We were pleased to be in Kusidasi where at least the technical support is of an excellent caliber and the engineers who worked on the boat did a great job - just not pleased to have to spend £1000 on getting the work done!
While there we met up with the early participants of this year's EMYR and attended the cocktail party at the invitation of Carlar the marina manager whom we had met last year. We finally left on the 9th of May and had a good motor sail to
the Greek island of Chios. We moored here in an unfinished marina for free for a couple of nights along with our friends Tony and Lynne from Lord Anthony (last year's EMYR) who we had sailed past earlier in the day!
As the forecast was not good we decided to hire a car together and so on the following day we explored this rather lovely island. We visited the south first (with a stop at the local Lidl and Euro-Spar for essential supplies i.e. bacon, pork rum and Greek wine!)The island is famous for it's Mastic a resin extracted from trees and used for making chewing gum among other things. The 'mastic' villages were fortified hill towns and this is where we headed for. We stopped at Pyrgi first to admire the unusual houses elaborately decorated with patterns cut into the whitewashed walls to reveal a layer of dark volcanic sand underneath. Thus creating a stunning geometric series of patterns depicting all sorts of animals, vases, fish etc. Quite amazing when seen in such quantity along all the tiny lanes and alleyways. Next we went to Mesta which has a very large church in it's centre and consists of a series of dark lanes with homes build facing inwards a real maze,
access in and out was only through the 6 'portals' so it was a bit like being inside a castle. From here we drove up the western coast and stopped for lunch in a bay with a tiny fishing harbour and several tavernas (one had been recommended by a couple we had met in the marina - Dennis and Gwen  from Quintet - last seen in el Rompedo SW Spain in 2008!!). From here we cut east through the hills and back to the marina - the roads were small here with hairpin bends and I was glad to arrive back on the flat near to the airport and Chios town. On passing the main harbour we spotted our Dutch friends Rick and Cobi on their boat Chica (from Lagos in 2008 tho' we had seen them last year for my 60th birthday in Marmaris too). We parked up and spent a hour chatting on board before taking our leave as an early start was on the cards the following morning.

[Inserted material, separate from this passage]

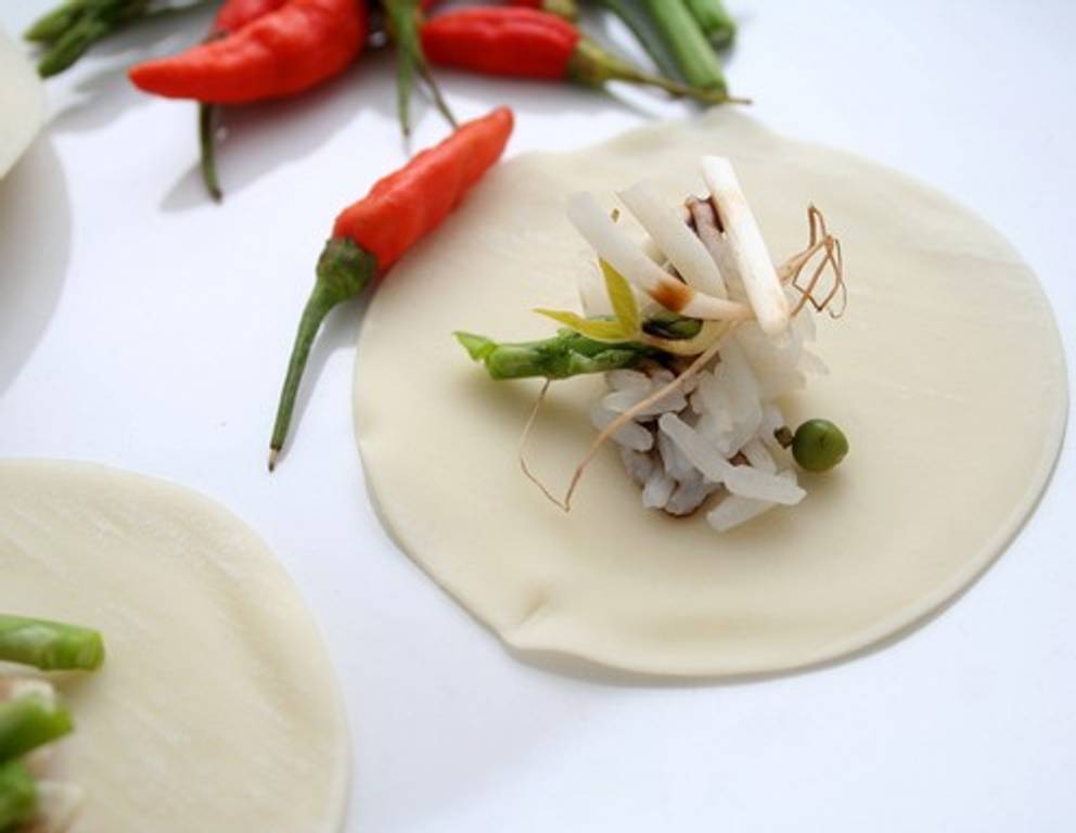 - Für den Wan-Tan-Teig das Weizenmehl mit den Eiern, Salz und einigen Tropfen Leitungswasser zu einem glatten Nudelteig zusammenkneten, 1/2 Stunde ruhen lassen.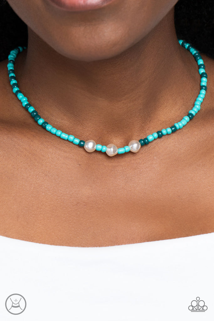 Stretched along an invisible wire, a collection of green seed beads in various shades, circles above the collar for a vibrant pop of color. Three baroque pearls interrupt the beading, adding a refined sheen to the design. Features an adjustable clasp closure.

The following day we left the marina at 0600 and headed north with an increasing wind on the nose the journey was pretty grim and we finally decided to give in and turned back to find shelter when we were experiencing 30 knots of wind!
We chose a bay which provided reasonable shelter and there we stayed for two days. The first night was pretty disturbed as we had not proved the anchorage so we did watches all night and neither of us had much sleep. The following day the wind continued to howl ad gust on and off so we stayed put and set off again on the 13th of May for Ayvalik marina. The first two hours were hard work beating into a disturbed sea but once round the main headland we were able to tack and made a quick passage achieving speeds in excess of 7 knots with a reefed main and 3/4 jib - glorious! and the sun was shining too.
We only stayed one night in Ayvalik - the marina was good but expensive - I explored the town which was fascinating - definitely a proper town with no tourist tac! I even managed to arrange for a Haman and massage at a nearby hotel while Rob took his afternoon sleep. My back really needed the massage after all the winching done over the previous few days sailing.
During our journey north we have been in constant touch with our friends June and Steve on board Piper who had left Fetheye the day before we arrived and managed to keep ahead of us despite our best efforts to catch them up!
However by the time we left Ayvalik we were really close and it looks like we will finally be re-united tonight in Lapseki a small harbour near the northern end of the Dardanelles. Supper on board their boat was just the incentive we needed to push on against this very strong current.
So we will finally get into the sea of Marmara tomorrow we hope and then it's only 200 miles to Istanbul!